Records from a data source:

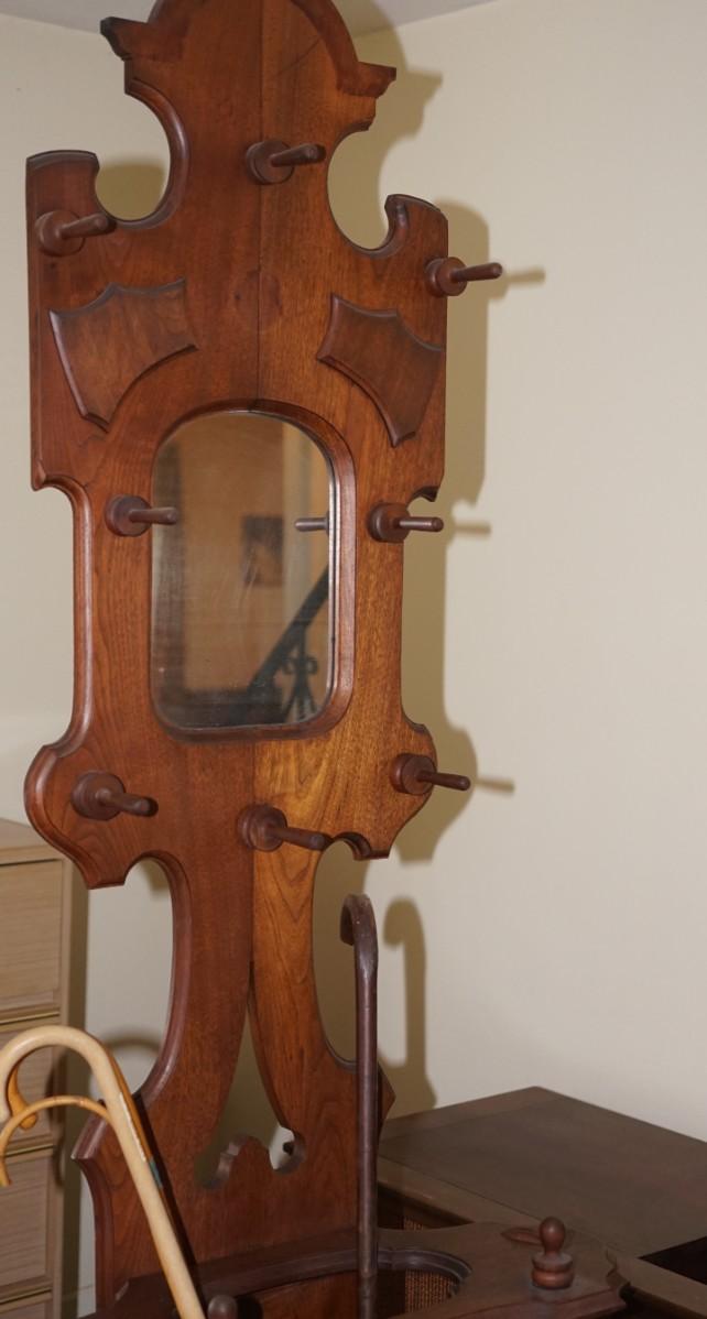 It has a decorative crown top, original mirror that has four pegs around to hang your hat.
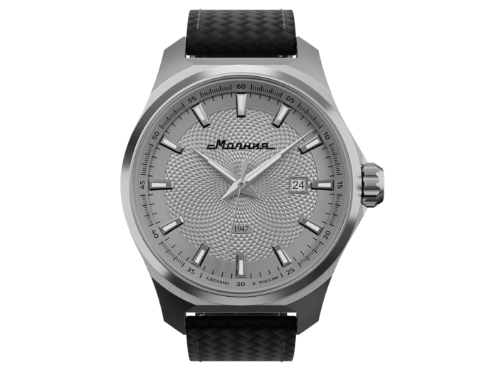 Корпус модели «Гранд» выплавлен из стали 316L с зеркальной полировкой, а внутри установлен автоматический японский калибр Miyota 8215 со стоп-секундой и индикацией даты. К слову, это один из самых надёжных механизмов в своём классе. Ремешок с карбоновой фактурой дополнен внутренней подкладкой из фторкаучука, что повышает комфорт при длительном ношении. Финальный аргумент в пользу выбора этой модели — мощная влагозащита в 100WR, которая позволяет спокойно плавать даже в море, не снимая часы.
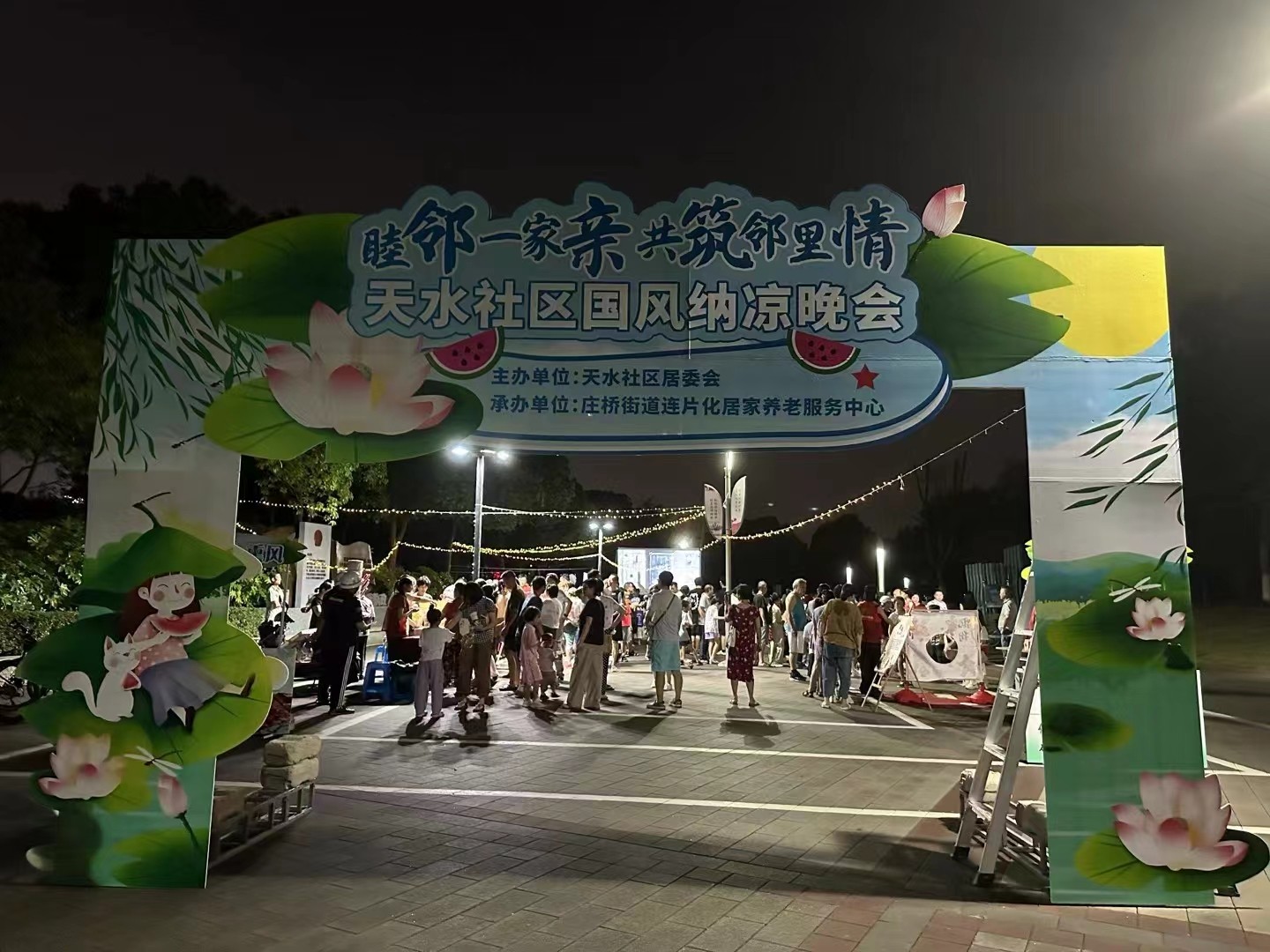 为进一步提升社区服务,完善社区服务机制。24日晚上,天水社区居委会与庄桥街道连片化居家养老服务中心携手亚太物业等商圈共建单位联合社区网格志愿服务队伍,在辖区网格阵地---新三江口公园开展了以“睦邻一家亲,共筑邻里情”为主题的天水社区国风纳凉活动,回应了居民日益多元化的服务需求,进一步加深邻里间的情感交流,弘扬中华优秀传统文化,让居民在享受清凉夏夜的同时,感受国风的魅力与韵味,
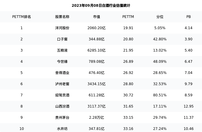 从估值角度看:贵州茅台最新市盈率PETTM为33.15,在行业内排名9/20,处于29.74分位。
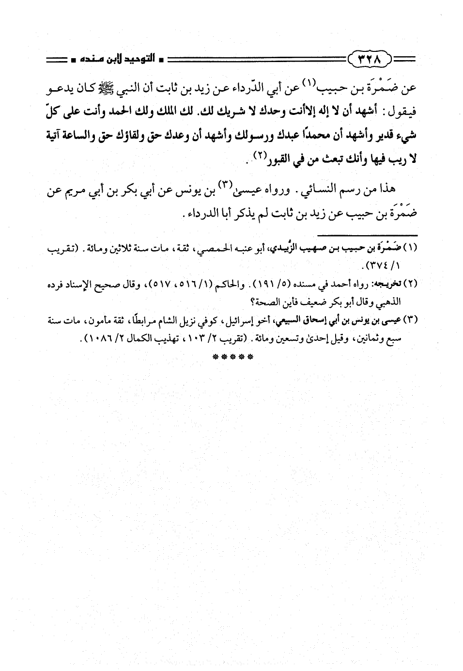 عن ضَمْرَة بن حبيب (¬١) عن أبى الدّرداء عن زيد بن ثابت أن النبى صلّى الله عليه وسلم كان يدعو فيقول: أشهد أن لا إله إلاأنت وحدك لا شريك لك. لك الملك ولك الحمد وأنت على كلّ شئ قدير وأشهد أن محمداً عبدك ورسولك وأشهد أن وعدك حق ولقاؤك حق والساعة آتية لا ريب فيها وأنك تبعث من فى القبور (¬٢).

> [Task goal] If a record holds a picture, drop the picture and return the rest of it exactly.

> [Solution for this exercise]
 It has a decorative crown top, original mirror that has four pegs around to hang your hat.
 Корпус модели «Гранд» выплавлен из стали 316L с зеркальной полировкой, а внутри установлен автоматический японский калибр Miyota 8215 со стоп-секундой и индикацией даты. К слову, это один из самых надёжных механизмов в своём классе. Ремешок с карбоновой фактурой дополнен внутренней подкладкой из фторкаучука, что повышает комфорт при длительном ношении. Финальный аргумент в пользу выбора этой модели — мощная влагозащита в 100WR, которая позволяет спокойно плавать даже в море, не снимая часы.
 为进一步提升社区服务,完善社区服务机制。24日晚上,天水社区居委会与庄桥街道连片化居家养老服务中心携手亚太物业等商圈共建单位联合社区网格志愿服务队伍,在辖区网格阵地---新三江口公园开展了以“睦邻一家亲,共筑邻里情”为主题的天水社区国风纳凉活动,回应了居民日益多元化的服务需求,进一步加深邻里间的情感交流,弘扬中华优秀传统文化,让居民在享受清凉夏夜的同时,感受国风的魅力与韵味,
 从估值角度看:贵州茅台最新市盈率PETTM为33.15,在行业内排名9/20,处于29.74分位。
 عن ضَمْرَة بن حبيب (¬١) عن أبى الدّرداء عن زيد بن ثابت أن النبى صلّى الله عليه وسلم كان يدعو فيقول: أشهد أن لا إله إلاأنت وحدك لا شريك لك. لك الملك ولك الحمد وأنت على كلّ شئ قدير وأشهد أن محمداً عبدك ورسولك وأشهد أن وعدك حق ولقاؤك حق والساعة آتية لا ريب فيها وأنك تبعث من فى القبور (¬٢).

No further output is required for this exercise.